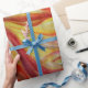 Papel de embalagem elegante e original com ondas vermelhas e amarelas.
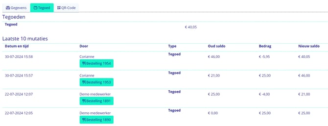 - Klik op de "i" om de details van de kadokaart te zien, en kies het tabblad "Tegoed". Je ziet hier het huidige saldo en de laatste 10 mutaties op deze kadokaart.
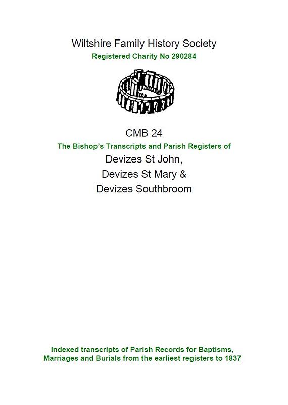 It includes baptism, marriage and burial transcripts from the earliest entries to 1837 for these parishes: Devizes St John, Devizes St Mary & Devizes Southbroom.
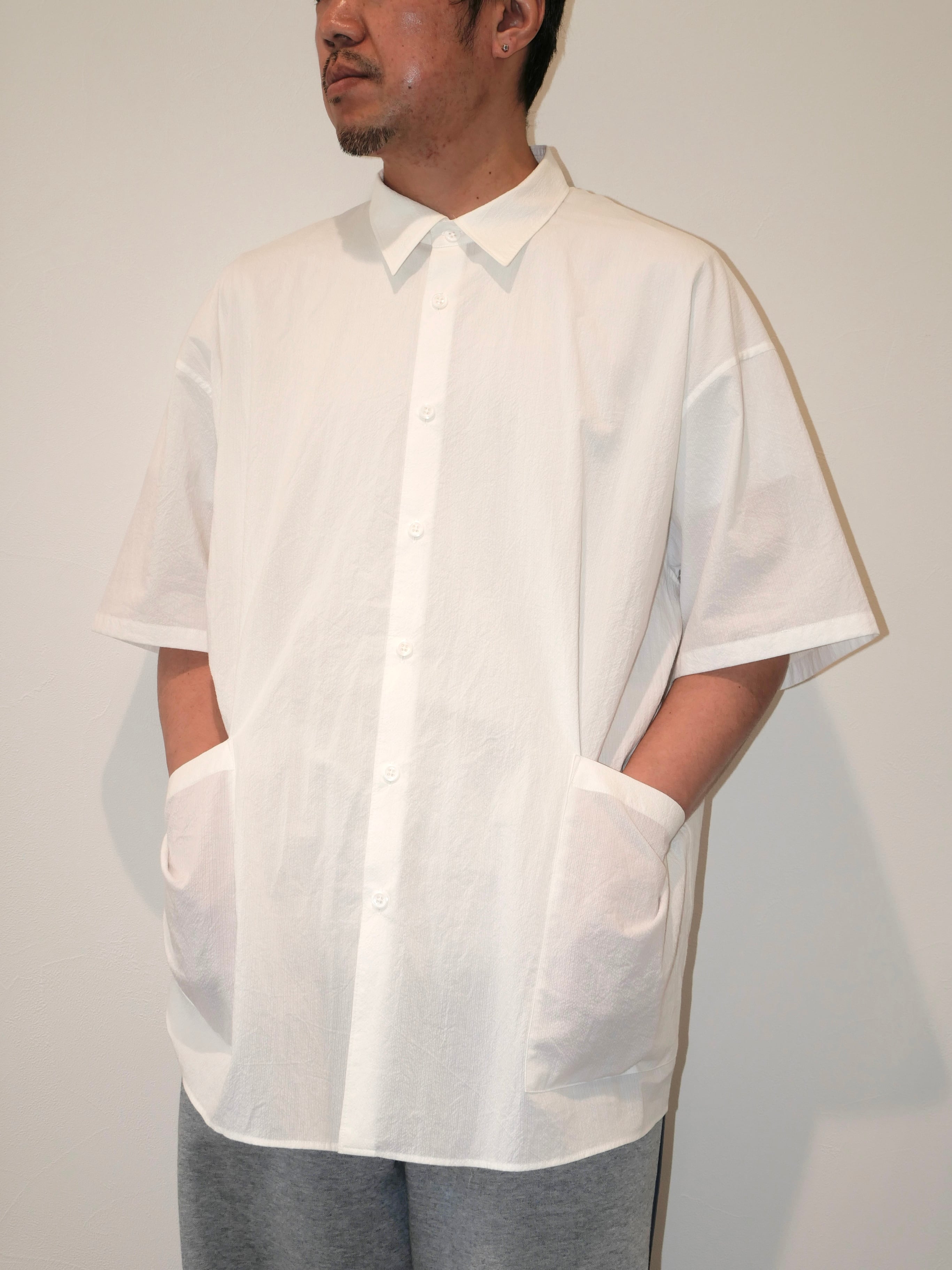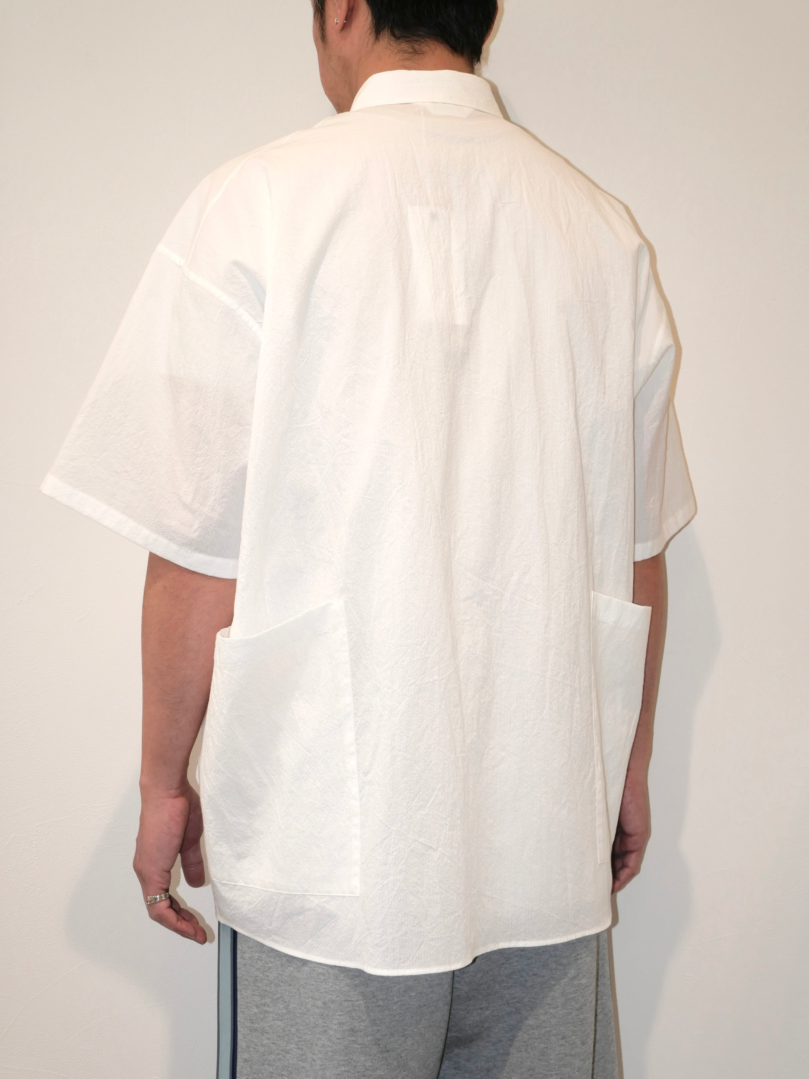 前後のビックポケットが着こなしのアクセントとなり夏場にスタイリングの主役になれる半袖シャツです。
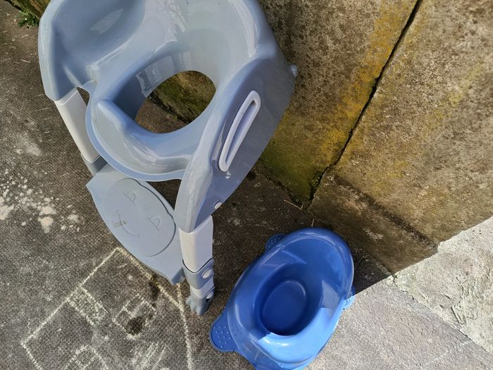 Bonjour, Vends réducteur de wc 10 euros le gris et 5 euros le pot bleu très bon état.
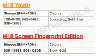 Xiaomi Mi 8 Youth выйдет в трёх вариантах — с 4 ГБ оперативной и 64 ГБ флэш-памяти, а также 6+64 ГБ и 6+128 ГБ. Он будет предлагаться в сером, золотистом и синем корпусах. Это слегка упрощённая модель по сравнению со стандартным смартфоном Xiaomi Mi 8. Основные характеристики включают однокристальную систему Snapdragon 710, как у Mi 8 SE, и камеры, как у Mi 8 и Mi 8 Explorer Edition.
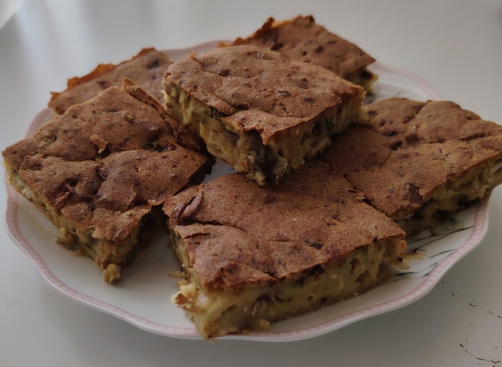 Prvo se dinsta meso s povrćem, a kada je gotovo ocijedi se višak tekućine (safta) i ostavi hladiti, Jaja se mute s malom žličicim soli i uljem, dodaje jogurt, mlijeko, brašno i griz. Smjesa je gustoće kao biskvit. U smjesu se doda ohlađeno meso, nasjeckane masline i dobro izmiješa. Smjesa se istrese u četvrtasti ili okrugli kalup i peče na 190 do 200 stupnjeva sat vremena.
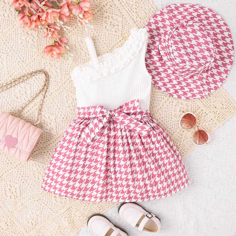Kids Toddler Girls Casual Cute Patchwork Houndstooth Print Oblique Shoulder Dress
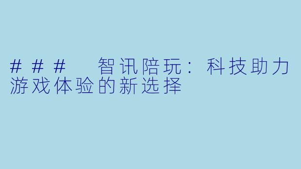 ### 智讯陪玩:科技助力游戏体验的新选择-智讯陪玩
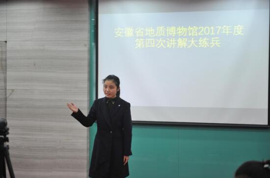 今年以来,我馆多次派讲解员参加各级各类讲解比赛,在2017年“中国故事——全国博物馆优秀讲解案例展示推荐活动”暨全省讲解员大赛中获一个三等奖和一个优秀奖;在全国科普讲解大赛,获1个优秀奖;安徽省首届国土资源科普讲解大赛中获一、二、三等奖各一个;第二届全国国土资源科普讲解大赛获一、二等奖各一个……这是我馆长期以来高度注重讲解员讲解业务水平的体现。定期开展讲解大练兵活动,增加了我馆科普宣教人员的知识储备,提高了业务技能,提升了讲解水平,为做好我馆日常接待、科普宣教工作打下了良好基础。
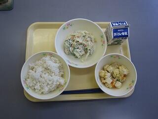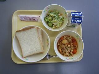 今日の献立は、食パン、イチゴジャム、ポークビーンズ、チーズサラダです。今日はまず、チーズサラダの中に入っているチーズの形が星型でとってもかわいいなあと思いました。野菜の中にお星様がいっぱいでおいしさも増しました。ポークビーンズは、豆がたくさん入っていて、豆の味もおいしく感じました。今日も美味しくいただきました。
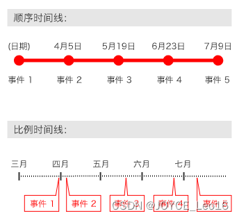 如果是按比例绘制的时间线,我们可以通过查看不同事件之间的时间间隔,了解事件发生的时间或即将在何时发生,从中查找时间段内的事件是否遵循任何模式,或者事件在该时间段内如何分布。
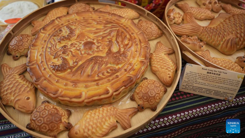 This photo taken on Sept. 25, 2025 shows mooncakes made by Vietnamese mooncake artisan Dinh Thi Tu Anh at the Vietnam National Opera and Ballet in Hanoi, Vietnam. (Xinhua/Hu Jiali)
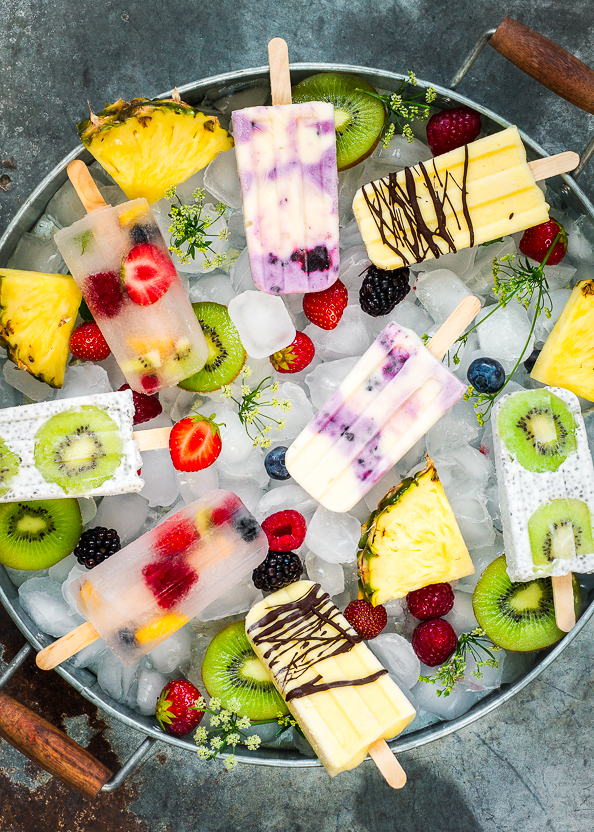 Once you start making pops, you just can’t stop, the options are endless. Just mix any berries with yoghurt or coconut water or liquidise soft fruit like pineapple and mango and it just kinda works.

## Exercise prompt
None of the pictures should appear; repeat the records exactly otherwise.

## Reply to the task
 Papel de embalagem elegante e original com ondas vermelhas e amarelas.
 - Klik op de "i" om de details van de kadokaart te zien, en kies het tabblad "Tegoed". Je ziet hier het huidige saldo en de laatste 10 mutaties op deze kadokaart.
 It includes baptism, marriage and burial transcripts from the earliest entries to 1837 for these parishes: Devizes St John, Devizes St Mary & Devizes Southbroom.
 前後のビックポケットが着こなしのアクセントとなり夏場にスタイリングの主役になれる半袖シャツです。
 Bonjour, Vends réducteur de wc 10 euros le gris et 5 euros le pot bleu très bon état.
 Xiaomi Mi 8 Youth выйдет в трёх вариантах — с 4 ГБ оперативной и 64 ГБ флэш-памяти, а также 6+64 ГБ и 6+128 ГБ. Он будет предлагаться в сером, золотистом и синем корпусах. Это слегка упрощённая модель по сравнению со стандартным смартфоном Xiaomi Mi 8. Основные характеристики включают однокристальную систему Snapdragon 710, как у Mi 8 SE, и камеры, как у Mi 8 и Mi 8 Explorer Edition.
 Prvo se dinsta meso s povrćem, a kada je gotovo ocijedi se višak tekućine (safta) i ostavi hladiti, Jaja se mute s malom žličicim soli i uljem, dodaje jogurt, mlijeko, brašno i griz. Smjesa je gustoće kao biskvit. U smjesu se doda ohlađeno meso, nasjeckane masline i dobro izmiješa. Smjesa se istrese u četvrtasti ili okrugli kalup i peče na 190 do 200 stupnjeva sat vremena.
Kids Toddler Girls Casual Cute Patchwork Houndstooth Print Oblique Shoulder Dress
 ### 智讯陪玩:科技助力游戏体验的新选择-智讯陪玩
 今年以来,我馆多次派讲解员参加各级各类讲解比赛,在2017年“中国故事——全国博物馆优秀讲解案例展示推荐活动”暨全省讲解员大赛中获一个三等奖和一个优秀奖;在全国科普讲解大赛,获1个优秀奖;安徽省首届国土资源科普讲解大赛中获一、二、三等奖各一个;第二届全国国土资源科普讲解大赛获一、二等奖各一个……这是我馆长期以来高度注重讲解员讲解业务水平的体现。定期开展讲解大练兵活动,增加了我馆科普宣教人员的知识储备,提高了业务技能,提升了讲解水平,为做好我馆日常接待、科普宣教工作打下了良好基础。
 今日の献立は、食パン、イチゴジャム、ポークビーンズ、チーズサラダです。今日はまず、チーズサラダの中に入っているチーズの形が星型でとってもかわいいなあと思いました。野菜の中にお星様がいっぱいでおいしさも増しました。ポークビーンズは、豆がたくさん入っていて、豆の味もおいしく感じました。今日も美味しくいただきました。
 如果是按比例绘制的时间线,我们可以通过查看不同事件之间的时间间隔,了解事件发生的时间或即将在何时发生,从中查找时间段内的事件是否遵循任何模式,或者事件在该时间段内如何分布。
 This photo taken on Sept. 25, 2025 shows mooncakes made by Vietnamese mooncake artisan Dinh Thi Tu Anh at the Vietnam National Opera and Ballet in Hanoi, Vietnam. (Xinhua/Hu Jiali)
 Once you start making pops, you just can’t stop, the options are endless. Just mix any berries with yoghurt or coconut water or liquidise soft fruit like pineapple and mango and it just kinda works.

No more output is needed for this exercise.